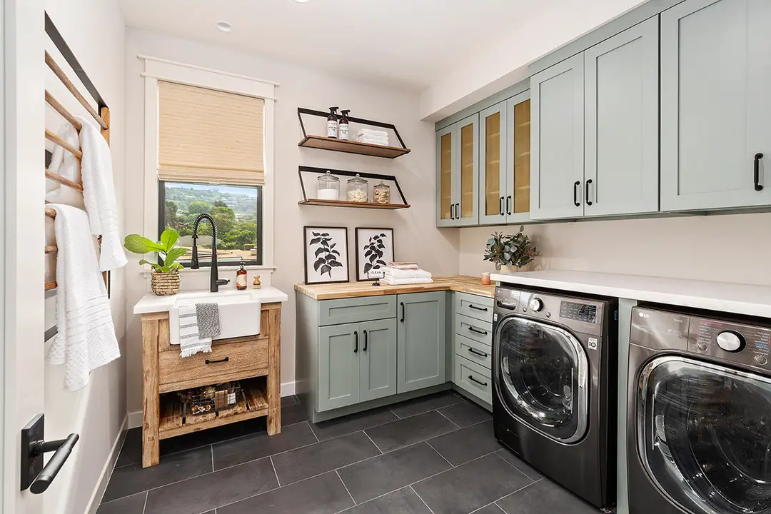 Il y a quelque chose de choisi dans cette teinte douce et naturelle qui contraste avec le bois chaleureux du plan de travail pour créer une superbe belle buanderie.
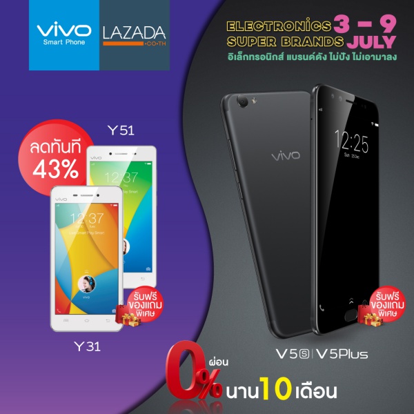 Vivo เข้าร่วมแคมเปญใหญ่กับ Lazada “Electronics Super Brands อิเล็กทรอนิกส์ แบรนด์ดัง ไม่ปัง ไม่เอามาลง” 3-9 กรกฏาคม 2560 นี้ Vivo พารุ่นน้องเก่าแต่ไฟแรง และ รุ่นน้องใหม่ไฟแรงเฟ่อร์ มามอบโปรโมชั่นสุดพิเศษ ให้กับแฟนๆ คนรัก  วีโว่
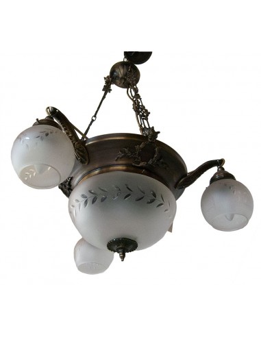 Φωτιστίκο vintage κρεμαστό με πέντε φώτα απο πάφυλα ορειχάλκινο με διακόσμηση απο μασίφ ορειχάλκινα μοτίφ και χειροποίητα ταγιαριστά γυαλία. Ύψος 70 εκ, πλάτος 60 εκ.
______
→ TO DO: An exact, word-for-word version of the material is required, free of pictures.

→ SOLUTION TO THE PROBLEM:
 Il y a quelque chose de choisi dans cette teinte douce et naturelle qui contraste avec le bois chaleureux du plan de travail pour créer une superbe belle buanderie.
 Vivo เข้าร่วมแคมเปญใหญ่กับ Lazada “Electronics Super Brands อิเล็กทรอนิกส์ แบรนด์ดัง ไม่ปัง ไม่เอามาลง” 3-9 กรกฏาคม 2560 นี้ Vivo พารุ่นน้องเก่าแต่ไฟแรง และ รุ่นน้องใหม่ไฟแรงเฟ่อร์ มามอบโปรโมชั่นสุดพิเศษ ให้กับแฟนๆ คนรัก  วีโว่
 Φωτιστίκο vintage κρεμαστό με πέντε φώτα απο πάφυλα ορειχάλκινο με διακόσμηση απο μασίφ ορειχάλκινα μοτίφ και χειροποίητα ταγιαριστά γυαλία. Ύψος 70 εκ, πλάτος 60 εκ.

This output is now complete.